REQUIREMENT: Nothing but the lines below from the one containing "今日は5年生で着衣水泳の授業" through the one containing "劳动报记者还了解到,九曲桥会" should appear in the answer, exact and without pictures.

::: SOURCE MATERIAL :::

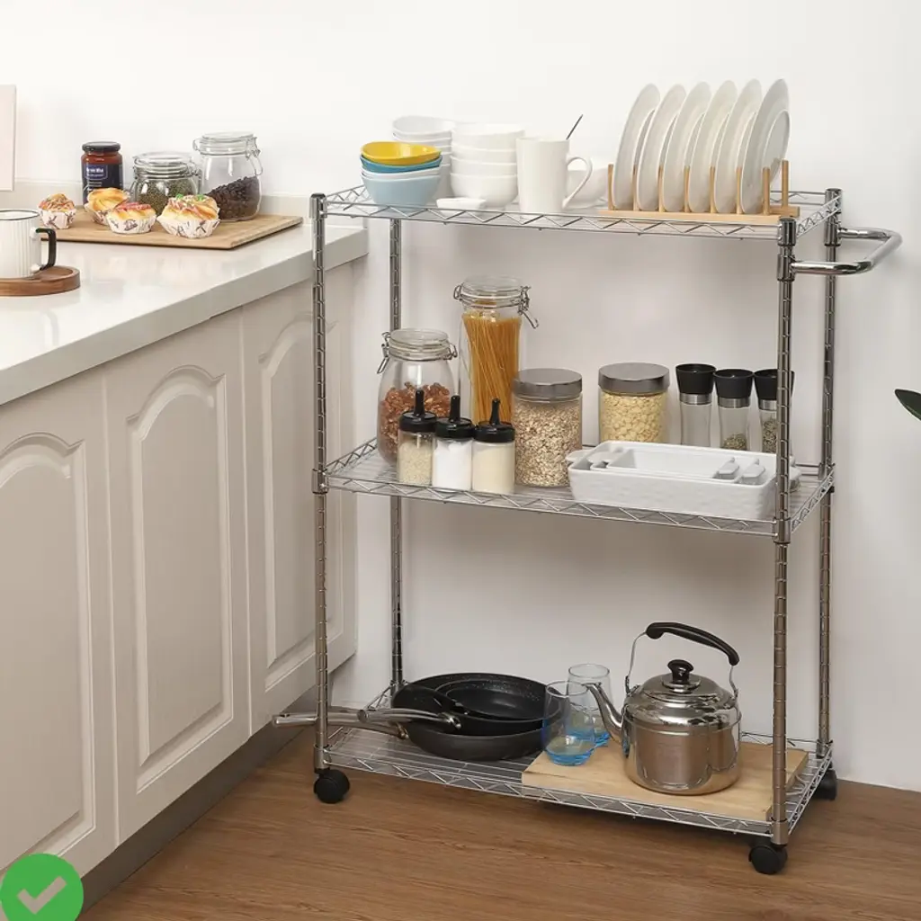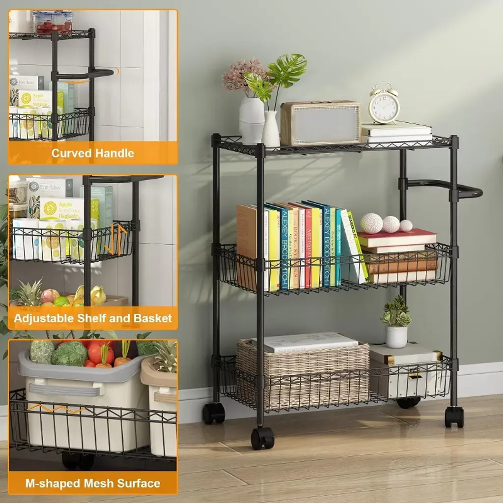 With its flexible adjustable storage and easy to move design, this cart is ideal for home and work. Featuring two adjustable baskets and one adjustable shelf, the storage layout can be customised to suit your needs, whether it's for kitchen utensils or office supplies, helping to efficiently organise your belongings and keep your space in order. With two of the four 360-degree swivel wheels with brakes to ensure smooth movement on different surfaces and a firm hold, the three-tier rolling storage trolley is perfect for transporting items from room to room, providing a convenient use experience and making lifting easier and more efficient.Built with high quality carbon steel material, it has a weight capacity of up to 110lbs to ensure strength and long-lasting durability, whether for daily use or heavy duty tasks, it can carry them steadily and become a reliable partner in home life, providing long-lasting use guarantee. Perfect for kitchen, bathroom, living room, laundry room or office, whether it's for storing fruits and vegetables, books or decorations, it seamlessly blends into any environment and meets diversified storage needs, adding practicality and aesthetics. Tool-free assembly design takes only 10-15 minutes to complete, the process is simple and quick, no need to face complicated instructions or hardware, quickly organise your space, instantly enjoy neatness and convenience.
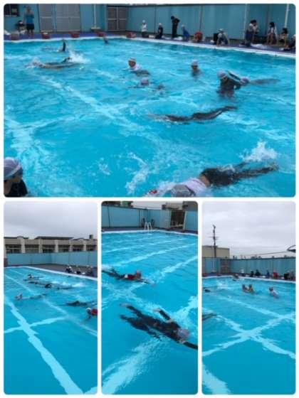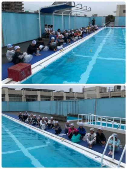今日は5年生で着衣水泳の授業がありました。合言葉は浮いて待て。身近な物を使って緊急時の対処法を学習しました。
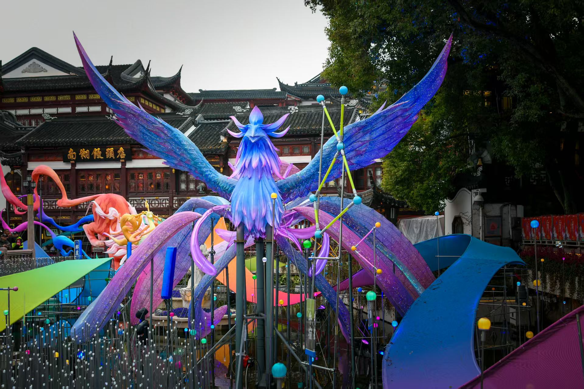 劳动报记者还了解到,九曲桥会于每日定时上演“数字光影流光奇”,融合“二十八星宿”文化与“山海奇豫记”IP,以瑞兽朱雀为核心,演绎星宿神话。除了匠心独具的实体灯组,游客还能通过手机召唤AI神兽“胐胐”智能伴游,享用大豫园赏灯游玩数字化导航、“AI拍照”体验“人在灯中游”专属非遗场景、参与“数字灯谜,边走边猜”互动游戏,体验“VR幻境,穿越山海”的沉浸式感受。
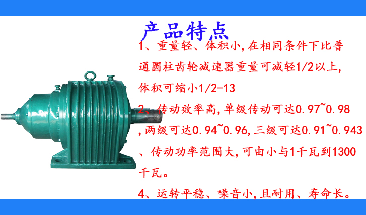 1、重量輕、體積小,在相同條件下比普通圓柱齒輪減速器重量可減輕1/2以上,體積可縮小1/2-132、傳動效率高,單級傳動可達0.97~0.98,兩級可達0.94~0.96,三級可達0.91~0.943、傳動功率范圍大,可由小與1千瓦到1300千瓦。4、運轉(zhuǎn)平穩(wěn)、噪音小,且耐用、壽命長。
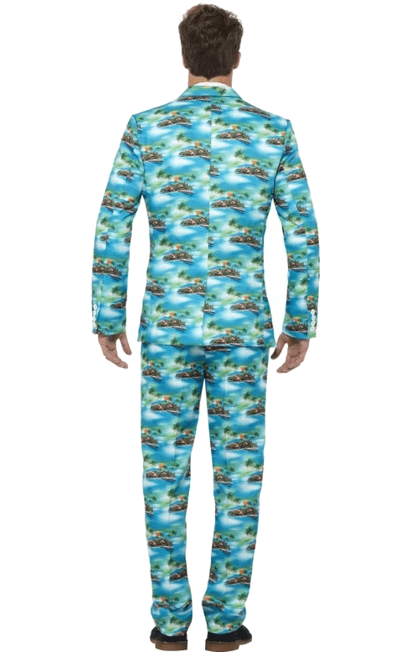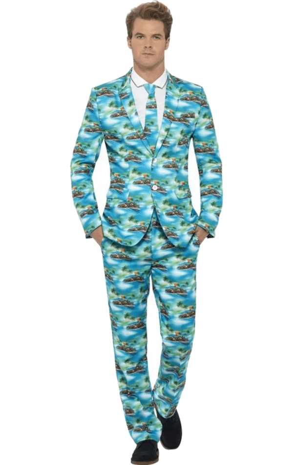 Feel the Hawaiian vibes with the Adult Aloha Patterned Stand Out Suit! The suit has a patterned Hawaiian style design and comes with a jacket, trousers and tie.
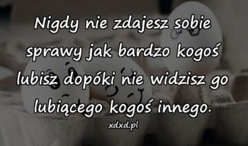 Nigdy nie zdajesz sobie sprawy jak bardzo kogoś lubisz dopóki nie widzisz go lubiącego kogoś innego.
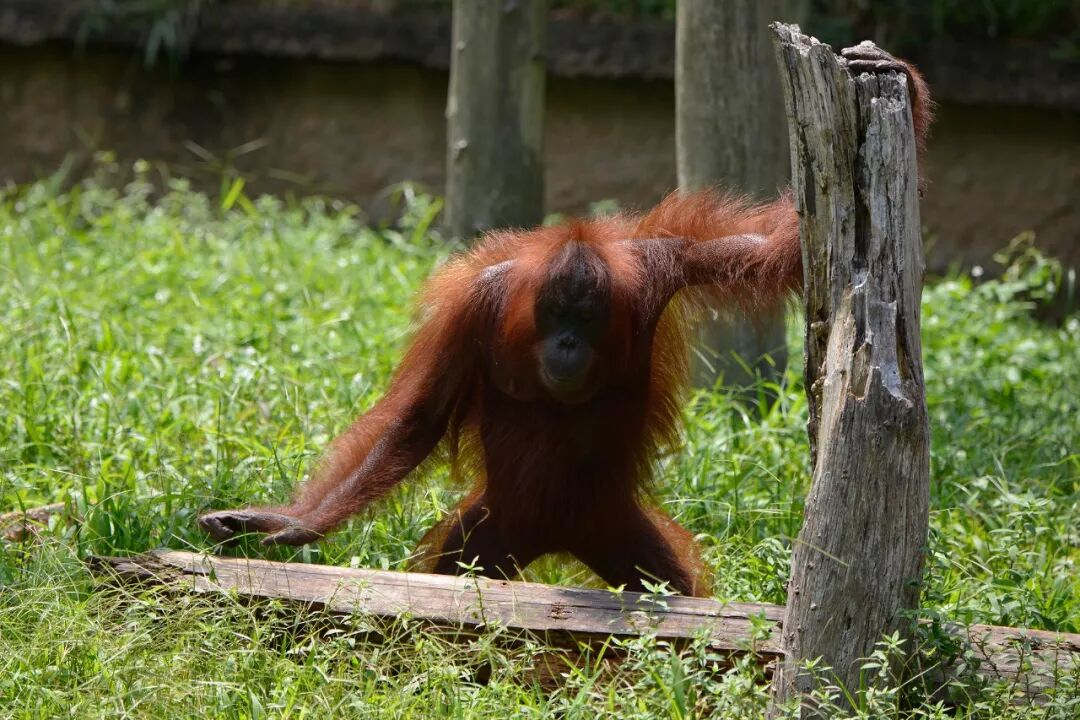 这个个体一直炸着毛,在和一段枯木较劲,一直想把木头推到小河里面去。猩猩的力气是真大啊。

:::

SOLVED PROBLEM:
今日は5年生で着衣水泳の授業がありました。合言葉は浮いて待て。身近な物を使って緊急時の対処法を学習しました。
 劳动报记者还了解到,九曲桥会于每日定时上演“数字光影流光奇”,融合“二十八星宿”文化与“山海奇豫记”IP,以瑞兽朱雀为核心,演绎星宿神话。除了匠心独具的实体灯组,游客还能通过手机召唤AI神兽“胐胐”智能伴游,享用大豫园赏灯游玩数字化导航、“AI拍照”体验“人在灯中游”专属非遗场景、参与“数字灯谜,边走边猜”互动游戏,体验“VR幻境,穿越山海”的沉浸式感受。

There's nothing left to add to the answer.